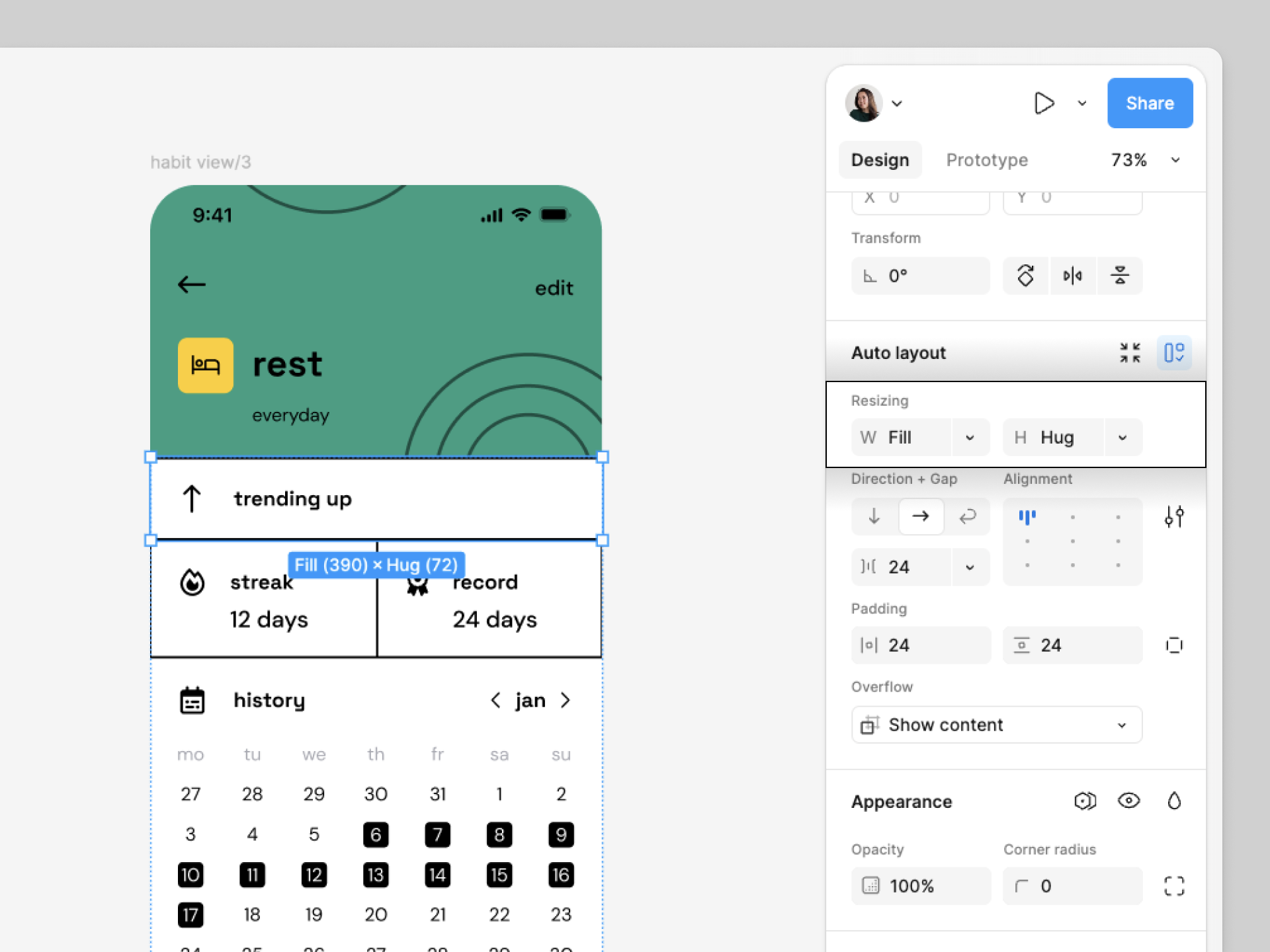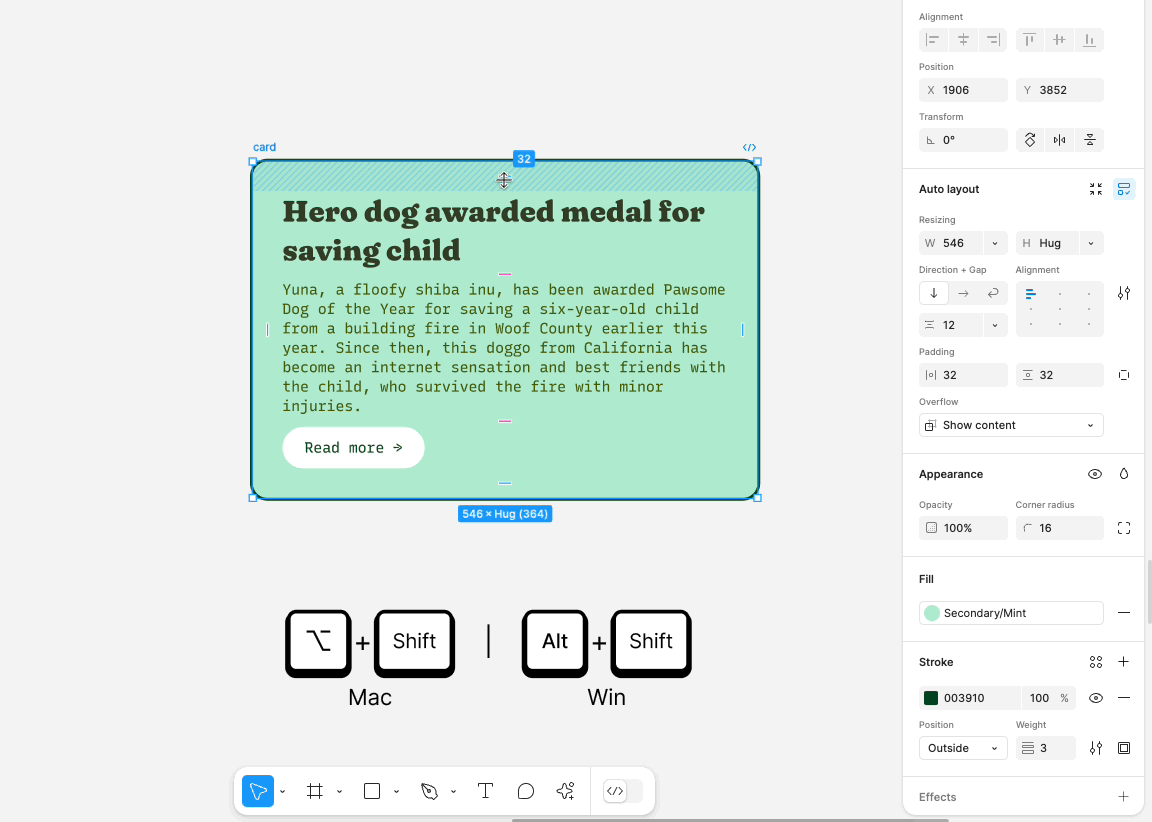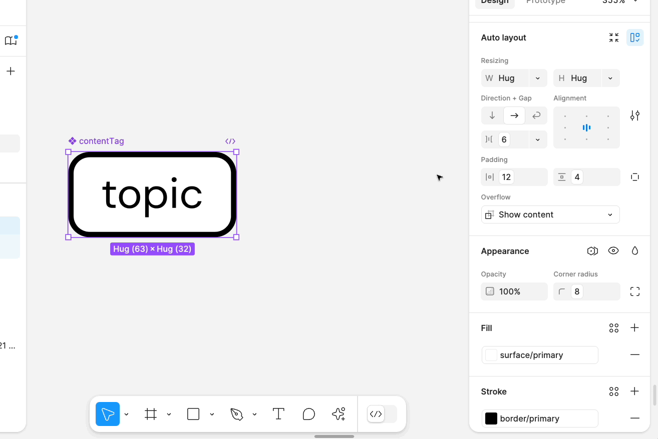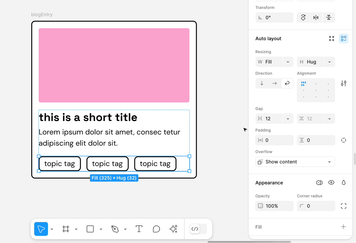 부모 자동 레이아웃 프레임의 크기 조정 동작을 설정하여 자식 개체에 대한 변경 사항에 맞게 조정합니다. 크기 조정 설정은 오른쪽 패널의 드롭다운 메뉴를 사용하여 X축과 Y축의 개체에 개별적으로 적용할 수 있습니다.
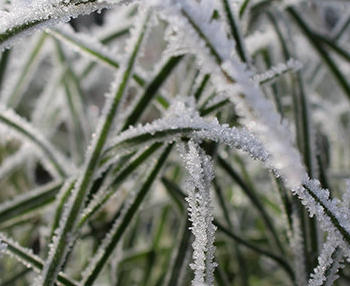 Als het vriest en er ligt een wit laagje op je gazon, loop er dan niet op. De sprieten kneuzen, en
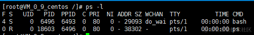ps -l 命令:不想查看所有进程,只查看当前登录产生的进程使用此命令即可:
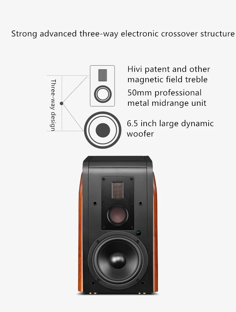HIVI M300MKII Hi-Fi 2,0 altavoz insignia de tres vías de estantería 6,5 & quot Woofer 2 & quot Unidad de rango medio Bluetooth ordenador Tv Audio
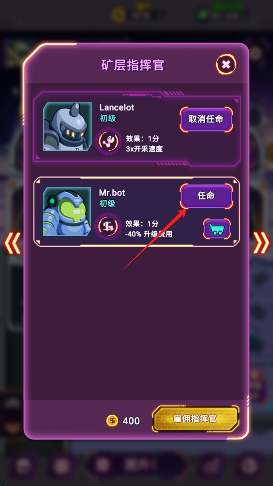 2、进入矿层指挥官任命界面后,查看不同指挥官的效果,根据需求进行选择。比如前期追求开采速度可以任命能提升开采速度的指挥官。
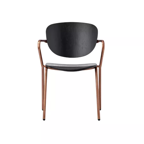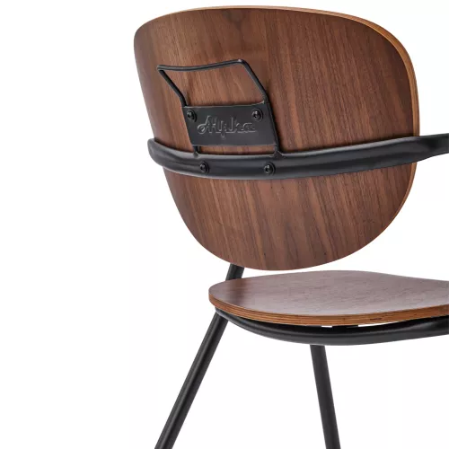 Alphie A is a refined metal chair with armrests, crafted with a steel frame and veneer seat and back. Its elegant structure can be customized in multiple finishes, adapting to various interior styles. Designed for HoReCa spaces, it combines comfort, durability, and design versatility.
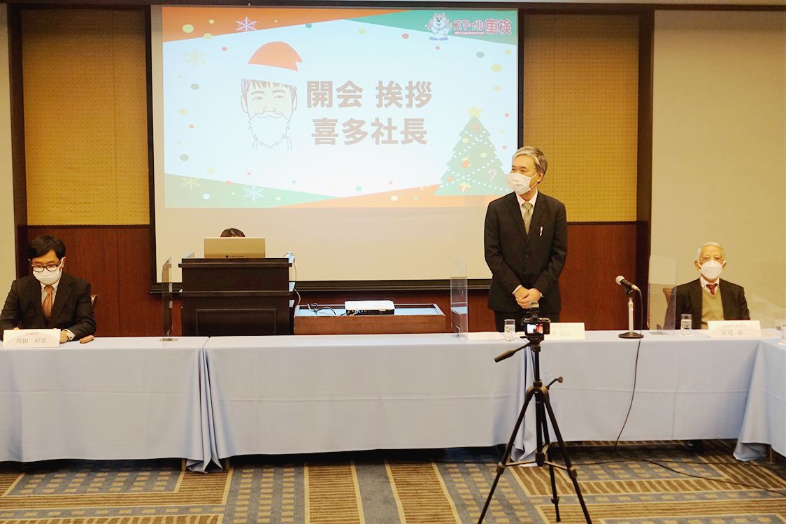 【大阪】車検フランチャイズチェーンのスマイル車検本部(喜多克之社長)は、大阪市内で「2022年第5回オーナー会議・定例会・忘年会」を開催した=写真。今年の重点課題をはじめ、加盟店の取り組み、23年の本部体制について発表。秋冬キャンペーン(...
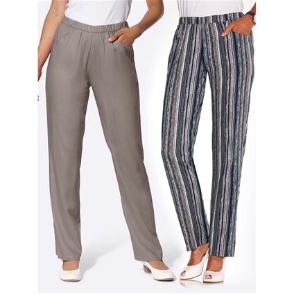 Plain and patterned: affordable double pack of pants in a comfortable slip-on style and comfortable fabric. Side pockets. Skin-friendly and breathable. Length: 103cm-107cm. 100% Viscose.
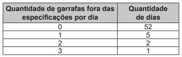 Diariamente, durante 60 dias, foram anotadas as quantidades de garrafas fora dessas especificações.
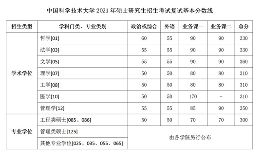 | 中國科學(xué)技術(shù)大學(xué)2021年碩士研究生招生考試復(fù)試基本分?jǐn)?shù)線 |
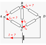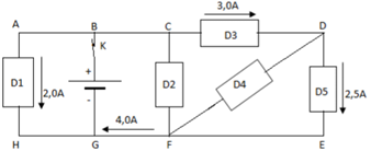 Déterminer le sens et l'intensité des courants dans les branches $AC$, $BD$ et $AGD$ de la figure sachant que
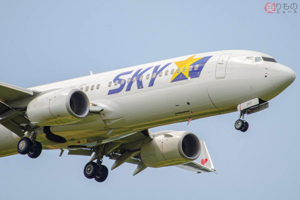 着陸するボーイング737旅客機(咲村珠樹撮影)。

------------------------

# WORK TASK:
Give back all the material exactly, with no pictures.

# SOLUTION FOR THIS EXERCISE:
 부모 자동 레이아웃 프레임의 크기 조정 동작을 설정하여 자식 개체에 대한 변경 사항에 맞게 조정합니다. 크기 조정 설정은 오른쪽 패널의 드롭다운 메뉴를 사용하여 X축과 Y축의 개체에 개별적으로 적용할 수 있습니다.
 Als het vriest en er ligt een wit laagje op je gazon, loop er dan niet op. De sprieten kneuzen, en
ps -l 命令:不想查看所有进程,只查看当前登录产生的进程使用此命令即可:
HIVI M300MKII Hi-Fi 2,0 altavoz insignia de tres vías de estantería 6,5 & quot Woofer 2 & quot Unidad de rango medio Bluetooth ordenador Tv Audio
 2、进入矿层指挥官任命界面后,查看不同指挥官的效果,根据需求进行选择。比如前期追求开采速度可以任命能提升开采速度的指挥官。
 Alphie A is a refined metal chair with armrests, crafted with a steel frame and veneer seat and back. Its elegant structure can be customized in multiple finishes, adapting to various interior styles. Designed for HoReCa spaces, it combines comfort, durability, and design versatility.
 【大阪】車検フランチャイズチェーンのスマイル車検本部(喜多克之社長)は、大阪市内で「2022年第5回オーナー会議・定例会・忘年会」を開催した=写真。今年の重点課題をはじめ、加盟店の取り組み、23年の本部体制について発表。秋冬キャンペーン(...
 Plain and patterned: affordable double pack of pants in a comfortable slip-on style and comfortable fabric. Side pockets. Skin-friendly and breathable. Length: 103cm-107cm. 100% Viscose.
 Diariamente, durante 60 dias, foram anotadas as quantidades de garrafas fora dessas especificações.
 | 中國科學(xué)技術(shù)大學(xué)2021年碩士研究生招生考試復(fù)試基本分?jǐn)?shù)線 |
 Déterminer le sens et l'intensité des courants dans les branches $AC$, $BD$ et $AGD$ de la figure sachant que
 着陸するボーイング737旅客機(咲村珠樹撮影)。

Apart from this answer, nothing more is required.